Thorpes, The Grip, Linton, Cambridge CB1 6NR, UK
Dear Sir,
The publication of a letter in a recent issue of Human Reproduction (James, 1999) has prompted this present appeal for more statistical rigour when pooling several sets of data to provide a single composite finding. The datasets in question are summarized in Table I
, which displays the proportions of male offspring for two periods of conception, the `Most fertile' days of the menstrual cycle and the remaining period. A previous paper by Gray et al (1998) had failed to detect any importance for this factor, but James (1999) had assembled the data from five published papers and produced a composite finding suggesting that there was a higher than expected proportion of males when the conception was outside the `most fertile' period.
|
It would appear that James has made his inference by simply pooling the relevant frequencies over the five references to produce a 2 statistic of 9.9 on one degree of freedom, a highly significant result.
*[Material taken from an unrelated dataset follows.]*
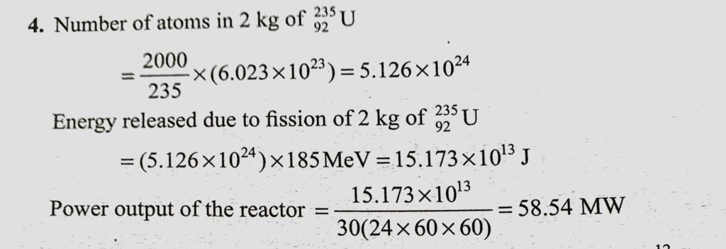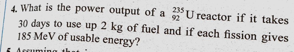 What is the power output of a 235U92 reactor if it takes 30 days to use up 2 kg of fuel and if each fission gives 185 MeV of usable energy ? What is the power output of a 235U92 reactor if it takes 30 days to use up 2 kg of fuel and if each fission gives 185 MeV of usable energy ? October 17, 2020 Category: Uncategorised (JEE Advanced Physics by BM Sharma + GMP Solutions) , Facebook Messenger WhatsApp Share this:TwitterFacebook Related

In fact, that simple test would be valid only if each of the five references provided an estimate of an unknown but constant proportion for the two columns of data. Experience has shown that there is very often a degree of heterogeneity due to different data sets, representing differing conditions generally unknown to the analyst, and completely beyond his control. It is absolutely necessary therefore to investigate heterogeneity before applying the simplest of tests on the total frequencies. The effect of wrongly applying the test would invariably be to exaggerate the importance of the effect being investigated, since heterogeneity inflates the effective error and thus diminishes the perception of the effect.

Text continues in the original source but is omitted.